As he soaked, John pondered how he could liberate his money when it suited him. He hit upon the idea of a chocolate bar dispenser that instead vended cash. As an executive with bank note printers De La Rue, John was able to arrange a chat with the Chief General Manager of Barclays Bank, who gave him just 90 seconds to pitch his idea. Apparently the pitch took 85 seconds, and the bank agreed a deal: six machines initially and a contract for De La Rue to provide the armoured trucks to fill them.

John’s idea wasn’t too far removed from the modern machines that are now present on every high street – and the major concern was, as it is today, fraud. Plastic bankcards stored with personal information were still a way off, so Shepherd-Barron had to work out a way to ensure that the only person who could get your cash was you. He developed a two-step process for this. Step One seems positively dangerous – radioactive cheques. These were impregnated with the compound carbon-14, an isotope the machine was programmed to recognise. John played down health concerns, claiming you would have to eat over 100,000 cheques for them to have any effect on health. Step Two is much more familiar. You’d have to prove to the machine you were the right person to withdraw money by punching in a personal identification number or PIN. If that PIN corresponded with the carbon-14 numbers on the voucher, the machine would pay out.

It was John’s wife Caroline who gave the world the four-digit PIN. Recalling his army days, John originally proposed using a six-digit personal identification number (PIN) but rejected the idea when Caroline insisted she could only ever remember four digits at a time. So four numbers became the world standard.

It took only two years to go from a rapid pitch to delivering the world’s first cash machine. But what was the prestigious address for such a technological wonder. Tokyo? Frankfurt? New York? No, Enfield in Middlesex. By keeping the launch relatively low profile – although Reg Varney, the comedian and future star of On the Buses, was on hand to officially launch the machine – Barclays and partners De La Rue could play down any teething problems.
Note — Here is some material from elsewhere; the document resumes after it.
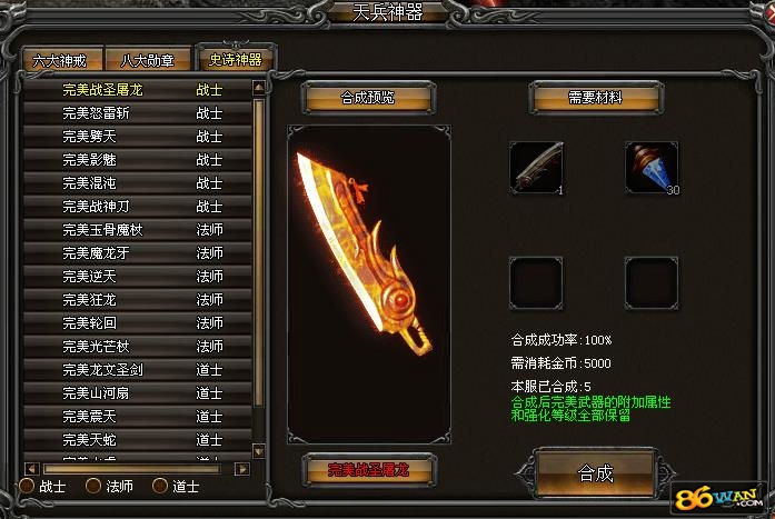 我们在武易游戏里打开天兵神器就可以操作打造完美的武器了。不过打造完美的武器是需要收集足够的材料才可以进行打造的哦。

In fact, being made to look foolish by the robot teller was such a concern that a smaller than average man was actually concealed inside the machine to push the first bundle of notes through the slot in case of a breakdown.

Today there are more than two million cash machines in the world, and the only real difference from the Enfield model is that we use plastic cards and not glowing cheques to access them. John Shepherd-Barron was awarded an OBE in 2004, his only real reward for the idea. Ironically, having never patented the concept because he wanted to keep carbon-14 secret from potential forgers, he didn’t ever get any cash out of his own invention.